You might want to read Mr. Krugman's column again. What don't you get? The only solution to the health care crisis in this country is universal. And so far, all Oprama and his bevy of gushing gltterati offer in this campaign is cheap talk, albeit a baritone. But that's it; nothing progressive about it. In fact, with the celebrity supporters he's getting now, his campaign is beginning to look more like an Oscar party than any political party. And when he promised not to take guns away from folks in Idaho on Saturday, he even did it in a condescending good ole boy accent that was as insulting as it was blithering.
"It runs counter to most tabulations of his legislative record, which often identify him as more progressive than Senator Clinton. It ignores many, many years of conscious, sometimes-justified triangulation by both Clintons regarding many social concerns."

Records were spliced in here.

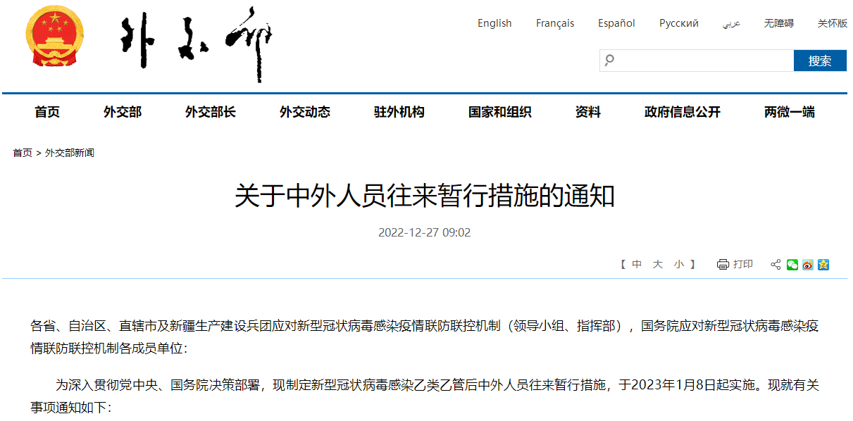 12月27日,國(guó)務院應對(duì)新型冠兒東狀病毒感染疫情聯防聯控機制外事(shì)組發(fā)布《關于中外人員往來暫人妹行措施的通知》。全文如下: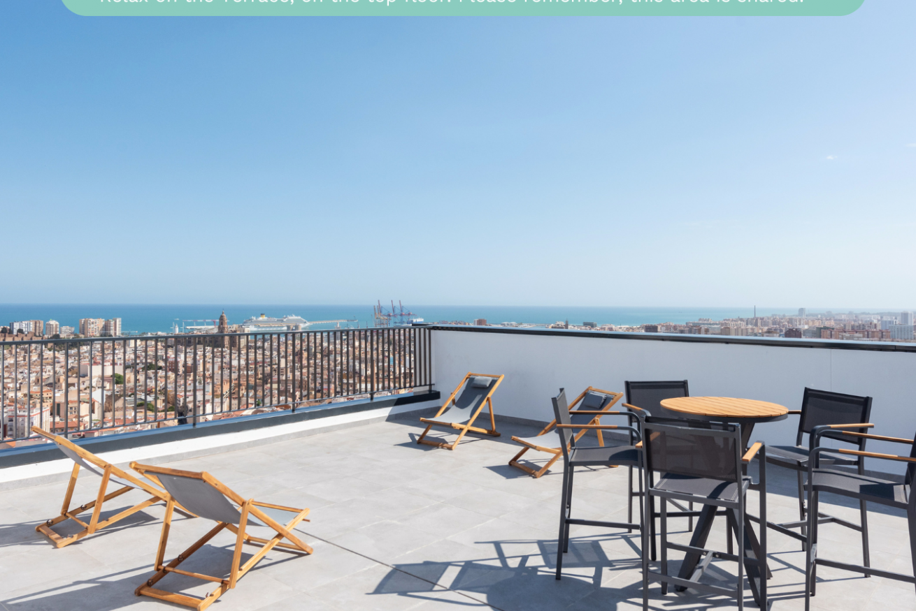 Las comodidades del edificio son de primera clase, incluyendo una piscina compartida en la azotea desde donde se pueden admirar impresionantes vistas de la ciudad de Málaga. También tienes acceso a un gimnasio bien equipado, un parque infantil y una sala de cine.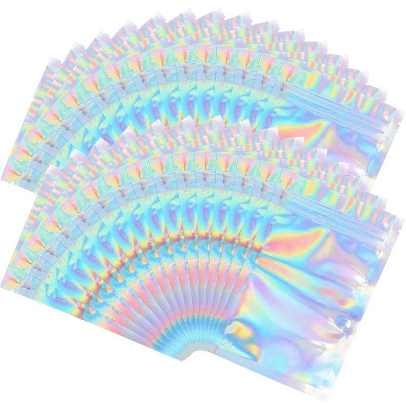 Mylar Holographic Resealable Bags Smell Proof Bags Foil Pouch Ziplock Bags for Party Favor Food Storage Jewelry Packaging

Unlike Mr. Krugman's article, you fail to notate your sources. Just which tabulations are you referring to? Most of the ones I have seen show his voting record slightly more conservative than Hillary's. And if the triangulations were justified, why is it a problem. if triangulation itself is a problem, why is it a central core of the Obama message. He doesn't call it triangulation, but the big tent, bring all sides together, increase bipartisanship lines are all the same thing. (By the way, trying to make nice to the neocons didn't work for Clinton and it won't work for Obama.)